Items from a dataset
☆ ☆ ☆ ☆ ☆

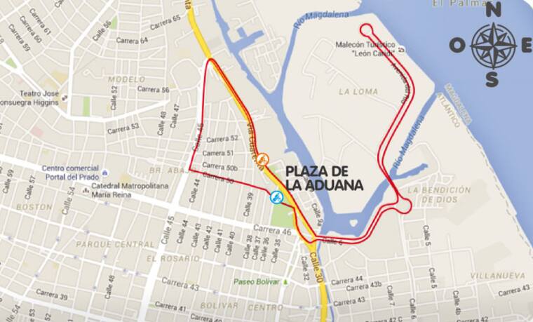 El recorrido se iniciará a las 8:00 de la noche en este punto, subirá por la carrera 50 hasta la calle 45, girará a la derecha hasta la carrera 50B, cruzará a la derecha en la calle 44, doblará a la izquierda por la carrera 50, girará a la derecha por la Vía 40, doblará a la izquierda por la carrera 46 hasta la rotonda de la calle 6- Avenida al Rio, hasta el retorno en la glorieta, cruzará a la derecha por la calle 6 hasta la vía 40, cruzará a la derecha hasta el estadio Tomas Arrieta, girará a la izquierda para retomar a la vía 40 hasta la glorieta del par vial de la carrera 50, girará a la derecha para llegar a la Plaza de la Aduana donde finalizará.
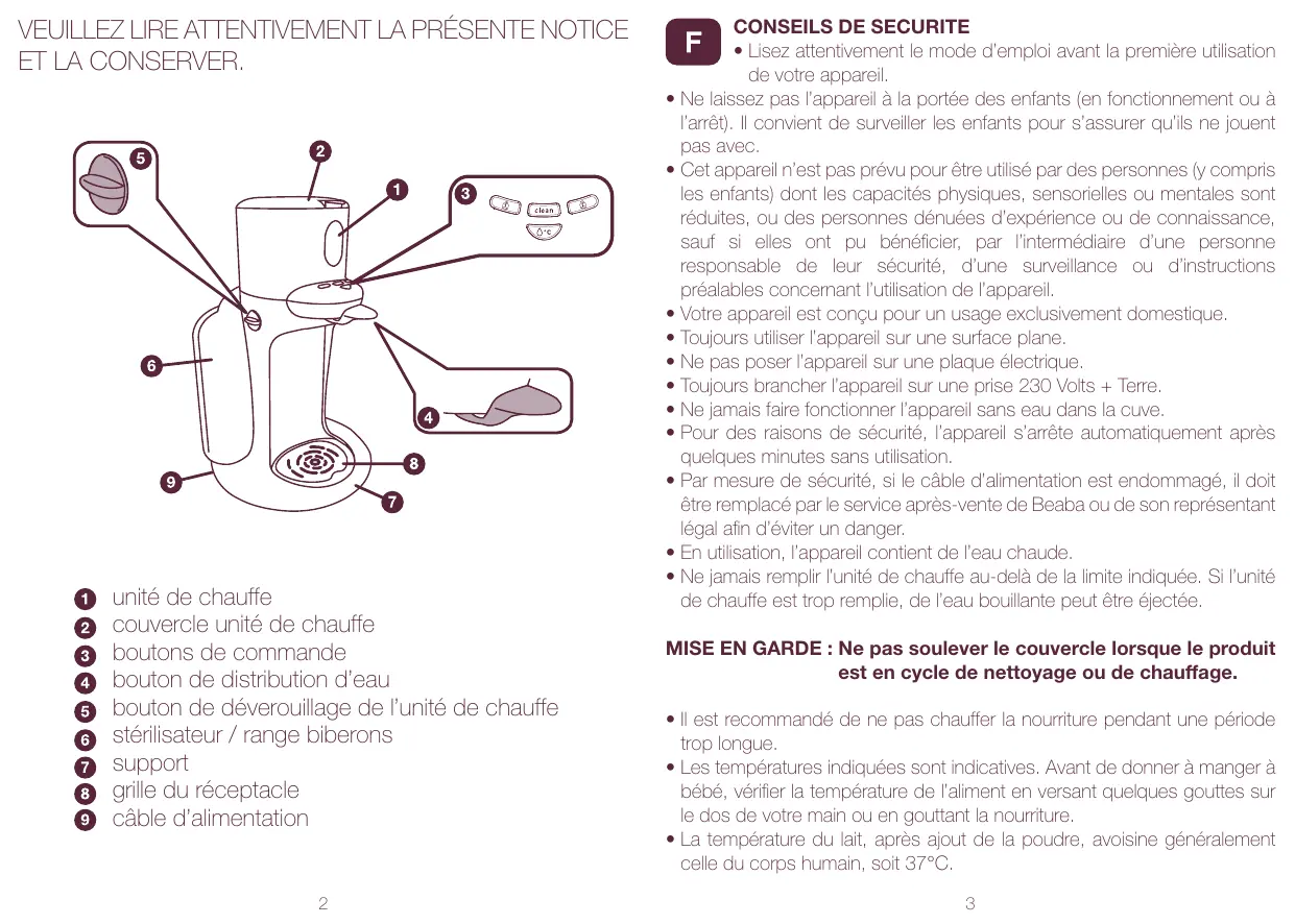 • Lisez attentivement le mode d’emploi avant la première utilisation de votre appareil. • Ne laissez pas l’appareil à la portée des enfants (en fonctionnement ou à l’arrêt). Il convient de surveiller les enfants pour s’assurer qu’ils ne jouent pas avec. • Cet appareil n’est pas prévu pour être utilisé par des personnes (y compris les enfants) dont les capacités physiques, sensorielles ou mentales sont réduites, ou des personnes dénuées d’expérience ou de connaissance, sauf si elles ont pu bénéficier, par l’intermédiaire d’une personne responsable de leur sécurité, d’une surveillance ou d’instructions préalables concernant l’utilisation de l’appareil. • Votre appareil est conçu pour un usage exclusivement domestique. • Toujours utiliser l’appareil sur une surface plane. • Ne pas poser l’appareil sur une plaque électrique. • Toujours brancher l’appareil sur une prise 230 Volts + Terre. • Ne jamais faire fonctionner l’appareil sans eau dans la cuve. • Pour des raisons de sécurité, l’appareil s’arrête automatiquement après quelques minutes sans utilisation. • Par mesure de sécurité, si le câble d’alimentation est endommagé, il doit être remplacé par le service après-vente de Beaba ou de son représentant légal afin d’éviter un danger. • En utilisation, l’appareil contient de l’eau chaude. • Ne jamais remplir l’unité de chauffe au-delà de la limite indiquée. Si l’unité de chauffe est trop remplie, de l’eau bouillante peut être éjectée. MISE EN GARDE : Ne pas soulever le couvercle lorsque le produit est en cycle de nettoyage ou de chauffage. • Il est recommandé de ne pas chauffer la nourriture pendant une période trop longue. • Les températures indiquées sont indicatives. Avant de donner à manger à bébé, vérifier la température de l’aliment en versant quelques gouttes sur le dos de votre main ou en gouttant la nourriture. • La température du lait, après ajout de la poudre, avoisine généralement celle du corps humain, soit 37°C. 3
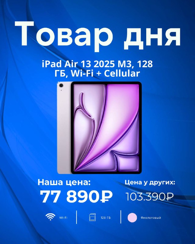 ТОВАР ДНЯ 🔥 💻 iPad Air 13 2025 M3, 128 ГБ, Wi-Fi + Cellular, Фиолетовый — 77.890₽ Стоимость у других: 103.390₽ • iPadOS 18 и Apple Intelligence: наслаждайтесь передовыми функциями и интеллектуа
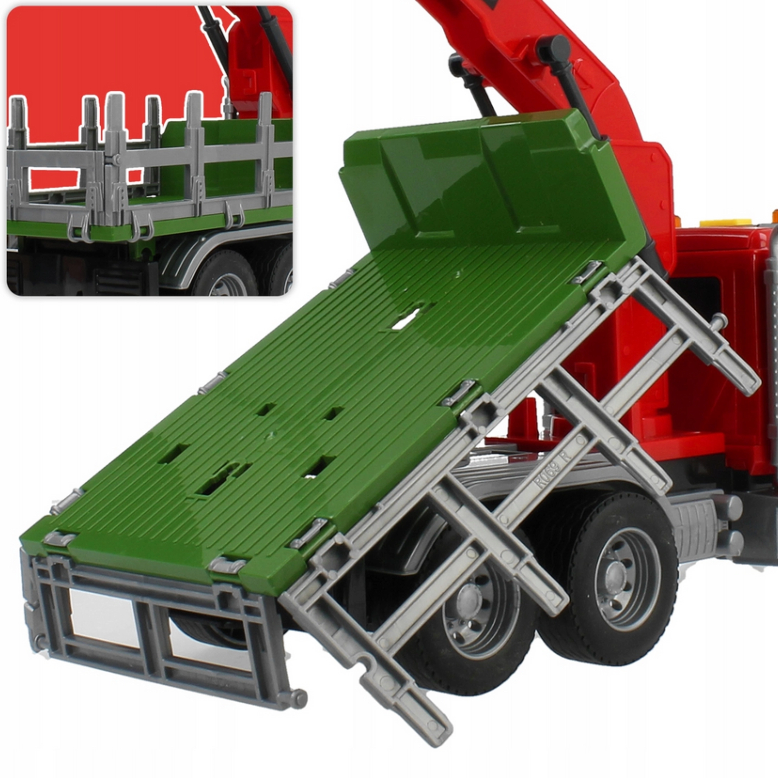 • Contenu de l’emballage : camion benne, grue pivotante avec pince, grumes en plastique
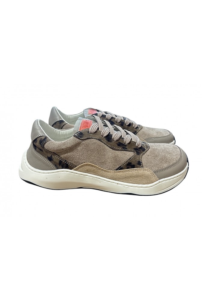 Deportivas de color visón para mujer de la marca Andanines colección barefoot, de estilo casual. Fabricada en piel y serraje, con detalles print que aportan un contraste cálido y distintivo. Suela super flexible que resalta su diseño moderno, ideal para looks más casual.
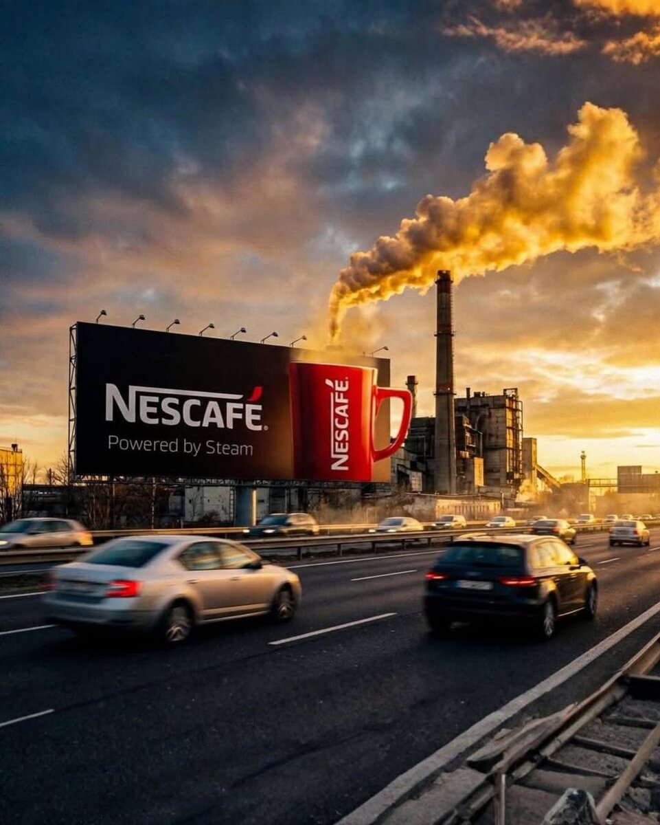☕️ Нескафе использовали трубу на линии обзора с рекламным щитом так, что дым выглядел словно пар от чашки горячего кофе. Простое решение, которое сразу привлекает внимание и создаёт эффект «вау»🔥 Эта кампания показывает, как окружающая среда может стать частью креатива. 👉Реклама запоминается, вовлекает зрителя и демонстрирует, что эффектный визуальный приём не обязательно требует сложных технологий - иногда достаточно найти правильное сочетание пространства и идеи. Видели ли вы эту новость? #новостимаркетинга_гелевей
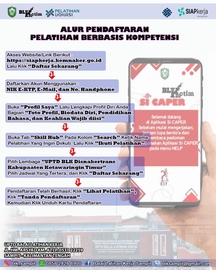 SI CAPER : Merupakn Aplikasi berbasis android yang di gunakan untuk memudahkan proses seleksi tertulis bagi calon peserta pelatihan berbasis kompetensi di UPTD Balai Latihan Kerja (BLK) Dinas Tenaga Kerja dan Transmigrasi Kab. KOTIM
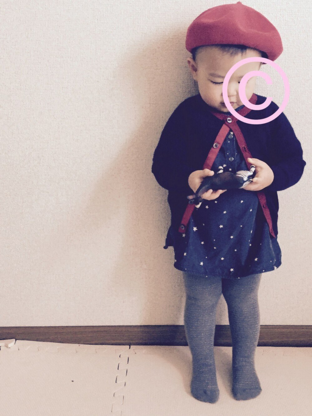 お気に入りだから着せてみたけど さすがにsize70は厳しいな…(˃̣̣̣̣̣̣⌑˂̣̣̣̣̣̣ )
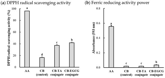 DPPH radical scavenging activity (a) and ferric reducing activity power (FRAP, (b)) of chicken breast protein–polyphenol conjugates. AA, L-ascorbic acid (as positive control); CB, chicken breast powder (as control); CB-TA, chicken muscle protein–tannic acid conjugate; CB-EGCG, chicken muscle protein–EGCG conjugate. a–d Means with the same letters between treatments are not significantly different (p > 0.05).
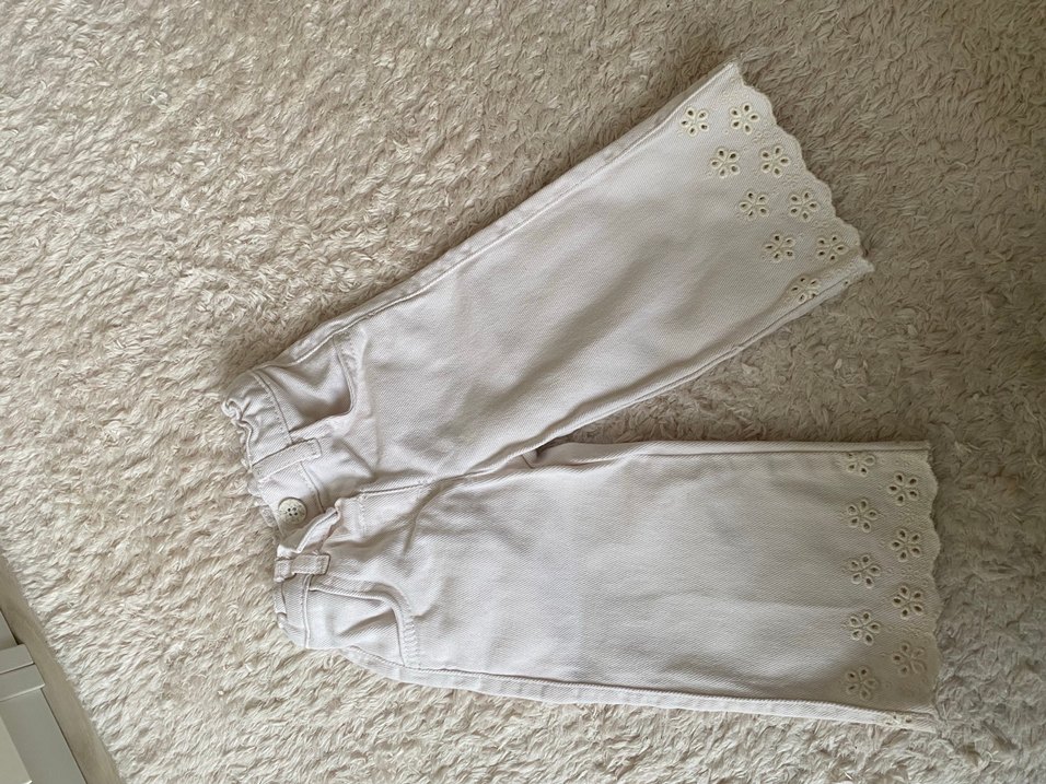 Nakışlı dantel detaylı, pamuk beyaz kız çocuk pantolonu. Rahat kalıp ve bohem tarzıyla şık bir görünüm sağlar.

☆ ☆ ☆ ☆ ☆

▸ **PROBLEM TO WORK ON**: Reproduce the records above exactly, but only from the line with "ТОВАР ДНЯ 🔥" up to and including the line with "お気に入りだから着せてみたけど さすがにsize70は厳しいな…(˃̣̣̣̣̣̣⌑˂̣̣̣̣̣̣ )". Leave the pictures out.

▸ **REPLY TO THE EXERCISE**:
 ТОВАР ДНЯ 🔥 💻 iPad Air 13 2025 M3, 128 ГБ, Wi-Fi + Cellular, Фиолетовый — 77.890₽ Стоимость у других: 103.390₽ • iPadOS 18 и Apple Intelligence: наслаждайтесь передовыми функциями и интеллектуа
 • Contenu de l’emballage : camion benne, grue pivotante avec pince, grumes en plastique
 Deportivas de color visón para mujer de la marca Andanines colección barefoot, de estilo casual. Fabricada en piel y serraje, con detalles print que aportan un contraste cálido y distintivo. Suela super flexible que resalta su diseño moderno, ideal para looks más casual.
☕️ Нескафе использовали трубу на линии обзора с рекламным щитом так, что дым выглядел словно пар от чашки горячего кофе. Простое решение, которое сразу привлекает внимание и создаёт эффект «вау»🔥 Эта кампания показывает, как окружающая среда может стать частью креатива. 👉Реклама запоминается, вовлекает зрителя и демонстрирует, что эффектный визуальный приём не обязательно требует сложных технологий - иногда достаточно найти правильное сочетание пространства и идеи. Видели ли вы эту новость? #новостимаркетинга_гелевей
 SI CAPER : Merupakn Aplikasi berbasis android yang di gunakan untuk memudahkan proses seleksi tertulis bagi calon peserta pelatihan berbasis kompetensi di UPTD Balai Latihan Kerja (BLK) Dinas Tenaga Kerja dan Transmigrasi Kab. KOTIM
 お気に入りだから着せてみたけど さすがにsize70は厳しいな…(˃̣̣̣̣̣̣⌑˂̣̣̣̣̣̣ )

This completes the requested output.